* **Collected data entries**
#####
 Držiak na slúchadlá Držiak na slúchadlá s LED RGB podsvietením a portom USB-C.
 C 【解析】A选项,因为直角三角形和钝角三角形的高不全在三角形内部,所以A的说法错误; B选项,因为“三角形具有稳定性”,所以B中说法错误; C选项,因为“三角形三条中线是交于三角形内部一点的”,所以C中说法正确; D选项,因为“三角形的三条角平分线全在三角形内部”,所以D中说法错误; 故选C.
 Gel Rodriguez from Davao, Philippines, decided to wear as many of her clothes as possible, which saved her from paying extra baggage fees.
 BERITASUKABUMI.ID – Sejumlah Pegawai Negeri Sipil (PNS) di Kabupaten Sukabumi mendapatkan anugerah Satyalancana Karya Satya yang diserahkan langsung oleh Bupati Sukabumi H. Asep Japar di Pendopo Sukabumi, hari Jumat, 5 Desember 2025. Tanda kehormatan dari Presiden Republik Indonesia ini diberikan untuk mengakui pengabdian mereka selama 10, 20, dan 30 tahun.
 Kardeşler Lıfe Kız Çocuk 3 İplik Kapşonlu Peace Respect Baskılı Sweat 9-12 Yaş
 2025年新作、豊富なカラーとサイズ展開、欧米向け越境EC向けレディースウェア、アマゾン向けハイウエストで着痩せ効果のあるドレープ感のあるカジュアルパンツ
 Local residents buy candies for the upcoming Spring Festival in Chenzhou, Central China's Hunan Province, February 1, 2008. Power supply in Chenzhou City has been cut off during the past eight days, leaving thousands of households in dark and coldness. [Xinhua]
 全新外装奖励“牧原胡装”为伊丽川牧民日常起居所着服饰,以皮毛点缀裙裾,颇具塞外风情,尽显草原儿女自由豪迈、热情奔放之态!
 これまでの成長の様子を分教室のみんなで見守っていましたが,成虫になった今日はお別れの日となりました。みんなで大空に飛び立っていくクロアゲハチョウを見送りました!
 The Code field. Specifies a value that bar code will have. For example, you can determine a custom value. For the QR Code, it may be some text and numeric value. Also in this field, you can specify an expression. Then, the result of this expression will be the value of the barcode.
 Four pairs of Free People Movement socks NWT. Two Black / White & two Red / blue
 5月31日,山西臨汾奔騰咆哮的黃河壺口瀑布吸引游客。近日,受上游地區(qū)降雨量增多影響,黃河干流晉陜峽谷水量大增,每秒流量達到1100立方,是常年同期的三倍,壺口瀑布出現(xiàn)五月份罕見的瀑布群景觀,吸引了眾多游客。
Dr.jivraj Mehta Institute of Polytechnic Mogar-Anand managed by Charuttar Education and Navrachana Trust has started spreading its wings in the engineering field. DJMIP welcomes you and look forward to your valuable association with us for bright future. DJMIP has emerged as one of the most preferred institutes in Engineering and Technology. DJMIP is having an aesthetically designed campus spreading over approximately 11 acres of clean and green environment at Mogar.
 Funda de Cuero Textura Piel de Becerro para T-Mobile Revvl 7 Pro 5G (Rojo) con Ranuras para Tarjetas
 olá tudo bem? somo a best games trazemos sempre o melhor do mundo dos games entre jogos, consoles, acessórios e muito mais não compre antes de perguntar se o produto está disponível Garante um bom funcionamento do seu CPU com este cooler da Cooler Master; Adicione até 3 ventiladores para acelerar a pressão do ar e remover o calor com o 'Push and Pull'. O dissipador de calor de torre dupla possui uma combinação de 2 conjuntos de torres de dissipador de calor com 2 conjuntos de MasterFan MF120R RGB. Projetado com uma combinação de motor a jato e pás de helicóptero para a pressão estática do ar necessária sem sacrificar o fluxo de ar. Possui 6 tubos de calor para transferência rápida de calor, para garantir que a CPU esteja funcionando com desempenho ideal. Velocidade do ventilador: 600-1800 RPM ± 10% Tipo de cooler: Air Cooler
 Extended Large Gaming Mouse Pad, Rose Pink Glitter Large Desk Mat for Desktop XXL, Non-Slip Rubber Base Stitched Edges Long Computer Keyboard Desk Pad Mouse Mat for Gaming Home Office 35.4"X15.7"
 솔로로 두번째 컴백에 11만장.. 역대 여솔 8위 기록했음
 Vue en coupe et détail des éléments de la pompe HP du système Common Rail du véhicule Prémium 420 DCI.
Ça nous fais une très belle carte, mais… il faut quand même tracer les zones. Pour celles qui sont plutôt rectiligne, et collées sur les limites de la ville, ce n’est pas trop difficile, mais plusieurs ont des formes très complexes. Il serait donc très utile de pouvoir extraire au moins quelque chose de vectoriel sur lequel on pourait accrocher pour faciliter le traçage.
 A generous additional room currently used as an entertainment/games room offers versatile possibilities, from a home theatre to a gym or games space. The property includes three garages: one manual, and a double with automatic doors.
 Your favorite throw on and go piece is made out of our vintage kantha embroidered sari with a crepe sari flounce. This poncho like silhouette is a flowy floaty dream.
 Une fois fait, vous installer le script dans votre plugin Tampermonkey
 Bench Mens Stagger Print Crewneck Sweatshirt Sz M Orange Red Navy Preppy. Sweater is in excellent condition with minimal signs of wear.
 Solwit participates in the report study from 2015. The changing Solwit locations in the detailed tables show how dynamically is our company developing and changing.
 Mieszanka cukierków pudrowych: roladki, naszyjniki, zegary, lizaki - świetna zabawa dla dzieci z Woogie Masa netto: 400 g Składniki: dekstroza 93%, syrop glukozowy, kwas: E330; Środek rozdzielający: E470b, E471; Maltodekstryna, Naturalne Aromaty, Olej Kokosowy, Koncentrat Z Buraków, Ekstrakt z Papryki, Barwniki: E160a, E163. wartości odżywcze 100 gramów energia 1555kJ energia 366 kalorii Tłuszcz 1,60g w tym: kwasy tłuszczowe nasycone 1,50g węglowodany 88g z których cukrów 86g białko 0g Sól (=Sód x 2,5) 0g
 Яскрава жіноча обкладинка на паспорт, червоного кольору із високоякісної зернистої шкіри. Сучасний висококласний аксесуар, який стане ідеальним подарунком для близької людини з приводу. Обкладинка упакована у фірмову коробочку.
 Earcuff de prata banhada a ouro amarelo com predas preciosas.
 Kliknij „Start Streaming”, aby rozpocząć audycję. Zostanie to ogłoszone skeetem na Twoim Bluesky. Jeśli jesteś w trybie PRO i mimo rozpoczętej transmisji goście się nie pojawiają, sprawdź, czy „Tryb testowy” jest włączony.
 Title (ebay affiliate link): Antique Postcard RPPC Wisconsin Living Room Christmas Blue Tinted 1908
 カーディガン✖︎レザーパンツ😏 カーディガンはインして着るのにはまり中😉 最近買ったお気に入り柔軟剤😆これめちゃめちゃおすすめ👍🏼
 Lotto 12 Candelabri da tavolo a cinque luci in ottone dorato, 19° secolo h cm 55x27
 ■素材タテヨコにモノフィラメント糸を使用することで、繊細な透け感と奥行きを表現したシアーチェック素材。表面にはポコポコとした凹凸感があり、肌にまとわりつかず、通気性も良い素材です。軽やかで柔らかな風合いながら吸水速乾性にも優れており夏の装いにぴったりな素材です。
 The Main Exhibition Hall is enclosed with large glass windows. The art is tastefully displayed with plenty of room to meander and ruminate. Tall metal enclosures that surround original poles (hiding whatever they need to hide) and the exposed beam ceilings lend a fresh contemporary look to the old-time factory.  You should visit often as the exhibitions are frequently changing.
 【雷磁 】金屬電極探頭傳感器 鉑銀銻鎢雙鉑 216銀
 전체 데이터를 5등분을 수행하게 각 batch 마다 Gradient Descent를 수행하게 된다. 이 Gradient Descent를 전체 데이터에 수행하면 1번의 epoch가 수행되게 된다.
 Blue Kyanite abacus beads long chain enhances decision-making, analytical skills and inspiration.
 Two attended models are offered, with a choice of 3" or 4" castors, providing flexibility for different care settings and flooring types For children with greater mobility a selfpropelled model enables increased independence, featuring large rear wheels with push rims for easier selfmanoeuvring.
#####
* **Task directions**
Exactly as they appear above, set down all of the records once more.

* **Answer for this exercise**
 Držiak na slúchadlá Držiak na slúchadlá s LED RGB podsvietením a portom USB-C.
 C 【解析】A选项,因为直角三角形和钝角三角形的高不全在三角形内部,所以A的说法错误; B选项,因为“三角形具有稳定性”,所以B中说法错误; C选项,因为“三角形三条中线是交于三角形内部一点的”,所以C中说法正确; D选项,因为“三角形的三条角平分线全在三角形内部”,所以D中说法错误; 故选C.
 Gel Rodriguez from Davao, Philippines, decided to wear as many of her clothes as possible, which saved her from paying extra baggage fees.
 BERITASUKABUMI.ID – Sejumlah Pegawai Negeri Sipil (PNS) di Kabupaten Sukabumi mendapatkan anugerah Satyalancana Karya Satya yang diserahkan langsung oleh Bupati Sukabumi H. Asep Japar di Pendopo Sukabumi, hari Jumat, 5 Desember 2025. Tanda kehormatan dari Presiden Republik Indonesia ini diberikan untuk mengakui pengabdian mereka selama 10, 20, dan 30 tahun.
 Kardeşler Lıfe Kız Çocuk 3 İplik Kapşonlu Peace Respect Baskılı Sweat 9-12 Yaş
 2025年新作、豊富なカラーとサイズ展開、欧米向け越境EC向けレディースウェア、アマゾン向けハイウエストで着痩せ効果のあるドレープ感のあるカジュアルパンツ
 Local residents buy candies for the upcoming Spring Festival in Chenzhou, Central China's Hunan Province, February 1, 2008. Power supply in Chenzhou City has been cut off during the past eight days, leaving thousands of households in dark and coldness. [Xinhua]
 全新外装奖励“牧原胡装”为伊丽川牧民日常起居所着服饰,以皮毛点缀裙裾,颇具塞外风情,尽显草原儿女自由豪迈、热情奔放之态!
 これまでの成長の様子を分教室のみんなで見守っていましたが,成虫になった今日はお別れの日となりました。みんなで大空に飛び立っていくクロアゲハチョウを見送りました!
 The Code field. Specifies a value that bar code will have. For example, you can determine a custom value. For the QR Code, it may be some text and numeric value. Also in this field, you can specify an expression. Then, the result of this expression will be the value of the barcode.
 Four pairs of Free People Movement socks NWT. Two Black / White & two Red / blue
 5月31日,山西臨汾奔騰咆哮的黃河壺口瀑布吸引游客。近日,受上游地區(qū)降雨量增多影響,黃河干流晉陜峽谷水量大增,每秒流量達到1100立方,是常年同期的三倍,壺口瀑布出現(xiàn)五月份罕見的瀑布群景觀,吸引了眾多游客。
Dr.jivraj Mehta Institute of Polytechnic Mogar-Anand managed by Charuttar Education and Navrachana Trust has started spreading its wings in the engineering field. DJMIP welcomes you and look forward to your valuable association with us for bright future. DJMIP has emerged as one of the most preferred institutes in Engineering and Technology. DJMIP is having an aesthetically designed campus spreading over approximately 11 acres of clean and green environment at Mogar.
 Funda de Cuero Textura Piel de Becerro para T-Mobile Revvl 7 Pro 5G (Rojo) con Ranuras para Tarjetas
 olá tudo bem? somo a best games trazemos sempre o melhor do mundo dos games entre jogos, consoles, acessórios e muito mais não compre antes de perguntar se o produto está disponível Garante um bom funcionamento do seu CPU com este cooler da Cooler Master; Adicione até 3 ventiladores para acelerar a pressão do ar e remover o calor com o 'Push and Pull'. O dissipador de calor de torre dupla possui uma combinação de 2 conjuntos de torres de dissipador de calor com 2 conjuntos de MasterFan MF120R RGB. Projetado com uma combinação de motor a jato e pás de helicóptero para a pressão estática do ar necessária sem sacrificar o fluxo de ar. Possui 6 tubos de calor para transferência rápida de calor, para garantir que a CPU esteja funcionando com desempenho ideal. Velocidade do ventilador: 600-1800 RPM ± 10% Tipo de cooler: Air Cooler
 Extended Large Gaming Mouse Pad, Rose Pink Glitter Large Desk Mat for Desktop XXL, Non-Slip Rubber Base Stitched Edges Long Computer Keyboard Desk Pad Mouse Mat for Gaming Home Office 35.4"X15.7"
 솔로로 두번째 컴백에 11만장.. 역대 여솔 8위 기록했음
 Vue en coupe et détail des éléments de la pompe HP du système Common Rail du véhicule Prémium 420 DCI.
Ça nous fais une très belle carte, mais… il faut quand même tracer les zones. Pour celles qui sont plutôt rectiligne, et collées sur les limites de la ville, ce n’est pas trop difficile, mais plusieurs ont des formes très complexes. Il serait donc très utile de pouvoir extraire au moins quelque chose de vectoriel sur lequel on pourait accrocher pour faciliter le traçage.
 A generous additional room currently used as an entertainment/games room offers versatile possibilities, from a home theatre to a gym or games space. The property includes three garages: one manual, and a double with automatic doors.
 Your favorite throw on and go piece is made out of our vintage kantha embroidered sari with a crepe sari flounce. This poncho like silhouette is a flowy floaty dream.
 Une fois fait, vous installer le script dans votre plugin Tampermonkey
 Bench Mens Stagger Print Crewneck Sweatshirt Sz M Orange Red Navy Preppy. Sweater is in excellent condition with minimal signs of wear.
 Solwit participates in the report study from 2015. The changing Solwit locations in the detailed tables show how dynamically is our company developing and changing.
 Mieszanka cukierków pudrowych: roladki, naszyjniki, zegary, lizaki - świetna zabawa dla dzieci z Woogie Masa netto: 400 g Składniki: dekstroza 93%, syrop glukozowy, kwas: E330; Środek rozdzielający: E470b, E471; Maltodekstryna, Naturalne Aromaty, Olej Kokosowy, Koncentrat Z Buraków, Ekstrakt z Papryki, Barwniki: E160a, E163. wartości odżywcze 100 gramów energia 1555kJ energia 366 kalorii Tłuszcz 1,60g w tym: kwasy tłuszczowe nasycone 1,50g węglowodany 88g z których cukrów 86g białko 0g Sól (=Sód x 2,5) 0g
 Яскрава жіноча обкладинка на паспорт, червоного кольору із високоякісної зернистої шкіри. Сучасний висококласний аксесуар, який стане ідеальним подарунком для близької людини з приводу. Обкладинка упакована у фірмову коробочку.
 Earcuff de prata banhada a ouro amarelo com predas preciosas.
 Kliknij „Start Streaming”, aby rozpocząć audycję. Zostanie to ogłoszone skeetem na Twoim Bluesky. Jeśli jesteś w trybie PRO i mimo rozpoczętej transmisji goście się nie pojawiają, sprawdź, czy „Tryb testowy” jest włączony.
 Title (ebay affiliate link): Antique Postcard RPPC Wisconsin Living Room Christmas Blue Tinted 1908
 カーディガン✖︎レザーパンツ😏 カーディガンはインして着るのにはまり中😉 最近買ったお気に入り柔軟剤😆これめちゃめちゃおすすめ👍🏼
 Lotto 12 Candelabri da tavolo a cinque luci in ottone dorato, 19° secolo h cm 55x27
 ■素材タテヨコにモノフィラメント糸を使用することで、繊細な透け感と奥行きを表現したシアーチェック素材。表面にはポコポコとした凹凸感があり、肌にまとわりつかず、通気性も良い素材です。軽やかで柔らかな風合いながら吸水速乾性にも優れており夏の装いにぴったりな素材です。
 The Main Exhibition Hall is enclosed with large glass windows. The art is tastefully displayed with plenty of room to meander and ruminate. Tall metal enclosures that surround original poles (hiding whatever they need to hide) and the exposed beam ceilings lend a fresh contemporary look to the old-time factory.  You should visit often as the exhibitions are frequently changing.
 【雷磁 】金屬電極探頭傳感器 鉑銀銻鎢雙鉑 216銀
 전체 데이터를 5등분을 수행하게 각 batch 마다 Gradient Descent를 수행하게 된다. 이 Gradient Descent를 전체 데이터에 수행하면 1번의 epoch가 수행되게 된다.
 Blue Kyanite abacus beads long chain enhances decision-making, analytical skills and inspiration.
 Two attended models are offered, with a choice of 3" or 4" castors, providing flexibility for different care settings and flooring types For children with greater mobility a selfpropelled model enables increased independence, featuring large rear wheels with push rims for easier selfmanoeuvring.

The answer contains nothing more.